SPEAKER_02Usery laws? Okay.
SPEAKER_00So in the state of California, usury law means you can't just charge somebody crazy interest and get away with it. So it's capped at 10% per year for your interest rate, origination fee, and any late fees or any other fees that you charge somebody. So you cannot legally charge somebody more than 10%. A lot of people that do loans, yeah, I hear a lot of private loans getting done that are higher interest and are not legal because they're charging a lot more, which makes sense to charge in this situation. I mean, these types of loans are higher risk and it's not something that somebody can go to a typically go to a bank and get. So you're gonna get higher interest, but if you're doing it on your own in the state of California, you're capped to to that 10%. They can be in California, but you have to do through a lender's, like a lender, somebody that has a lend, you either need to be licensed, which actually to do business loans is not that hard to get licensed. You you have to like not be a criminal. You have to, I think, have 25 or 50,000 net worth or something like that. Maybe it was a little more, but it was not a lot. Pretty basic.
SPEAKER_02There's some This is ringing a bell from when I had my mortgage license back in the day.
SPEAKER_00So there's there's some licensing you have to go through, but it's really not that hard to get, like versus being a consumer lender, which is way a whole totally different thing. You can do these loans. I g some states are easier than California. I will say that California is pretty strict on California.
SPEAKER_02I would say California is most strict on everything. Everything, everything. Yeah.
SPEAKER_00Especially when it comes to real estate or anything. Yeah.
SPEAKER_02Any sort of licensing and anything.

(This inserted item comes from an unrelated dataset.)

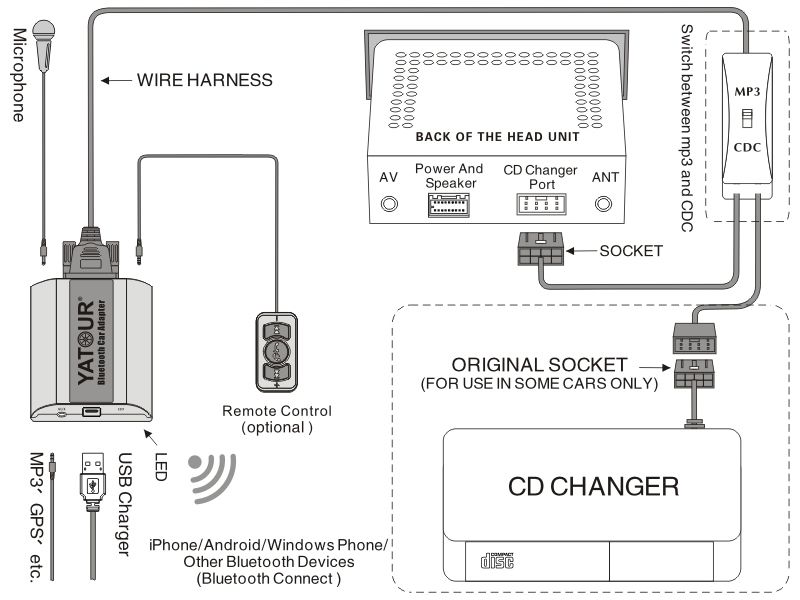 Lecteurs MP3 / MP4, Radio Tuner, L'AUTRE, Port USB, Chargeur de téléphone, Port AUXILIAIRE, Audio Tuner, MP3,GPS,USB, microphone, télécommande

SPEAKER_00But but we've done a lot of these, and and mostly not in California. Actually, I don't think any of them were in California. I've tried, I've tried to do them in California, but they the ones I was doing didn't quite work out. So what I look for in these is I like to get some at least a 30% return. The reason I say that is because it is a higher risk loan. It's not something that you're lending somebody on their primary residence. So it is going to be a higher risk loan. Usually they're they're shorter loans. They're going to have a shorter term, three months, six months. Sometimes they might be a year. I've never done one that was a year, but usually they're like a couple months. It's just like a bridge loan for somebody or it's a rehab. So that they need like, you know, three to six months to finish up a rehab and then list it on the market. Uh so they're typically shorter term loans. And I do a 30% annualized over the the course of the year. So if it's six months, I might be looking for 15% return over six months, but you know, annualized over the year, that's going to be 30%. So that's the kind of return that I look for on these type of loans. And we've done a few of these, but we've also they don't all work out the way you want them to work out, though. So that's why you need to do your due diligence on the front end.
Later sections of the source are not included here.